Complications associated with GTN include hemorrhage, tumour embolisation, uterine perforation, and sepsis. These were minimal in our study. Uterine perforation during evacuation can be minimized if procedure is done by experienced personnel.

15% of complete moles and 0.5% of partial moles need chemotherapy [2]. In our study, 6 out of 13 cases of complete moles and 1 out of 17 cases of partial moles needed chemotherapy. The true incidence cannot be calculated as all molar pregnancies are not registered at one centre. The risk of requiring chemotherapy is more when molar pregnancy presents at an earlier gestation [6].

Repeat or second uterine evacuation has a role in selected cases of persistent gestational trophoblastic disease where β-HCG is less than 1500 IU/litre, and ultrasound shows significant retained molar tissue. Chemotherapy can be avoided in these cases. Chemotherapy is more likely if there is histological evidence of persistent gestational trophoblastic disease, and β-HCG is more than 1500 IU/litre at the time of repeat uterine evacuation. Third evacuation is no longer recommended [7]. In our study, 4 out of 11 cases who underwent second evacuation were cured, while 7 cases ultimately needed chemotherapy. This indicates the need for strict selection criteria.

Followup of patients can be improved by adequate counselling at the time of diagnosis. Nowadays, shortened duration of followup is advised for 6 months from the date of evacuation if β-HCG becomes normal within 8 weeks of evacuation. If β-HCG does not revert to normal within 8 weeks of evacuation, then followup is advised for 6 months from the date of normalisation of the β-HCG. This reduces anxiety for women and is cost effective [4, 8, 9].

5. Conclusions

The prevalence of GTN among the Arab population appears to be similar to other Asians, and there is need for establishing a national registry to obtain the true incidence of the disease. Appropriate diagnosis and treatment leads to near 100% cure. Majority of cases are cured by simple surgical intervention (suction curettage). Cervical preparation is safe in selected cases. Second evacuation should be reserved for cases with strict selection criteria. Followup can be improved by adequate counselling.

6. Learning Points/Recommendations

(1)There should be a regional/national registry for GTN where all these cases are registered and receive appropriate followup.(2)All cases should have a baseline β-HCG level and pelvic ultrasound before any intervention.(3)Caution during uterine evacuation can avoid serious complications.(4)Cervical preparation with prostaglandin should be done in selected cases, and prolonged preparation should be avoided.(5)Repeat evacuation in selected cases avoids need for chemotherapy. (6)All cases of persistent GTN should have FIGO risk scoring and receive chemotherapy in specialised centres.(7)Followup is ideal for one year, but cases should be counselled for contraception and refrain from pregnancy for at least 6 months.(8)Six weeks after the end of any subsequent pregnancy, serum β-HCG sample should be evaluated, and placenta should be sent for histopathology after any delivery.
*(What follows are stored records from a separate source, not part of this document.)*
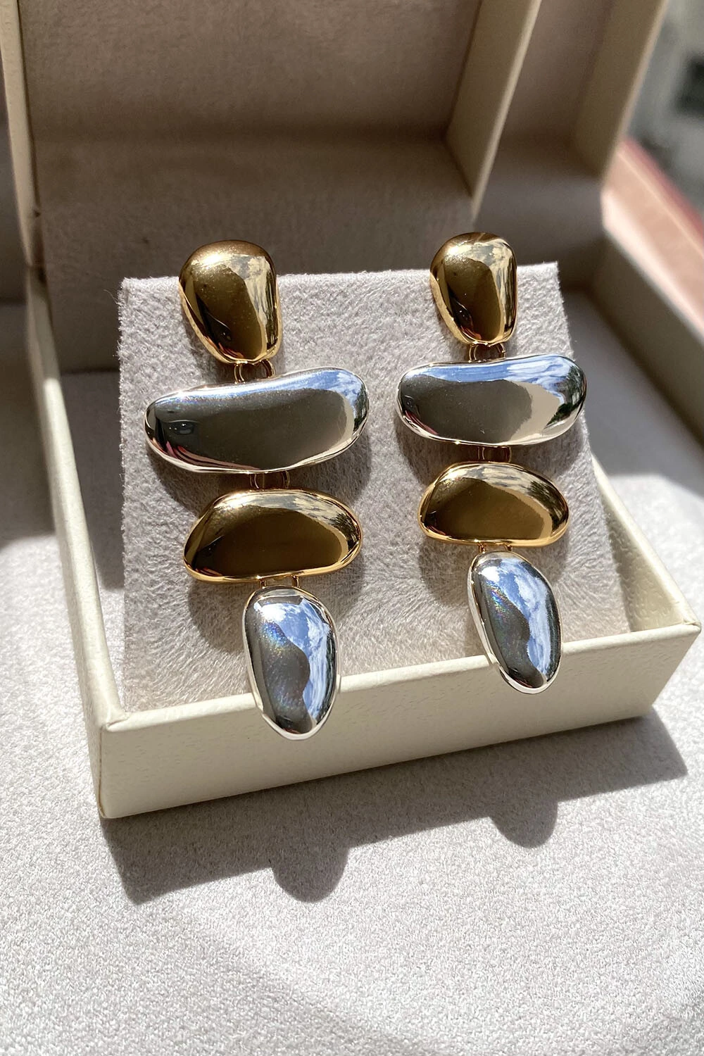 Brinco assimétrico com mix de banhos dourado e prateado com acabamento polido, esbanjando elegância.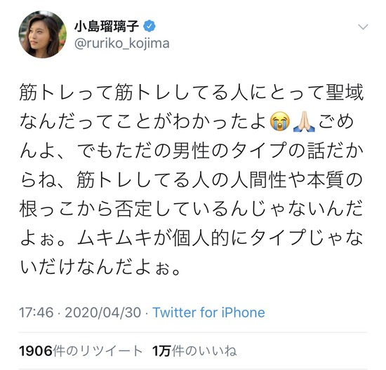 【画像】小島瑠璃子「誤解を与えてごめん。ムキムキは恋愛対象外と言いたかっただけ」←トレーニー激怒で再炎上www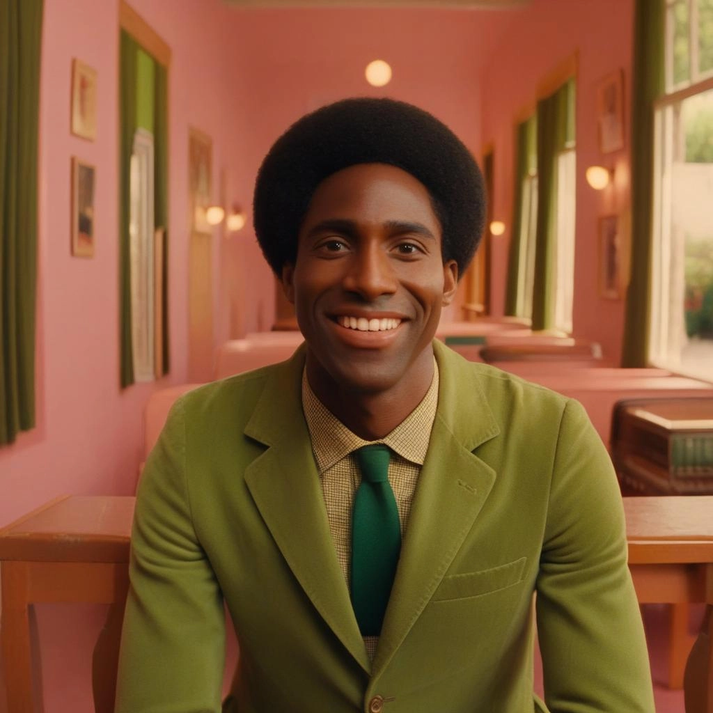 black man with short hair, casual clothes, smiling, green background, album cover aesthetic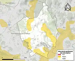 Le retrait-gonflement des sols argileux est susceptible d'engendrer des dommages importants aux bâtiments en cas d’alternance de périodes de sécheresse et de pluie. 23,3 % de la superficie communale est en aléa moyen ou fort (33,6 % au niveau départemental et 48,5 % au niveau national). Sur les 61 bâtiments dénombrés sur la commune en 2019, 9 sont en aléa moyen ou fort, soit 15 %, à comparer aux 25 % au niveau départemental et 54 % au niveau national. Une cartographie de l'exposition du territoire national au retrait gonflement des sols argileux est disponible sur le site du BRGM[16],[Carte 2].

Contribution to Authorship

This paper has been read and approved by T. H. Rangwala and F. B. Badawi. F. B. Badawi has conceptualised the study and critical review of the paper.

Conflict of Interests

There is no conflict of interests and no financial gain to the authors from any source.

Ethics Committee Approval

It was not sought as we are reporting the results of a retrospective study of cases managed according to the existing institutional protocol.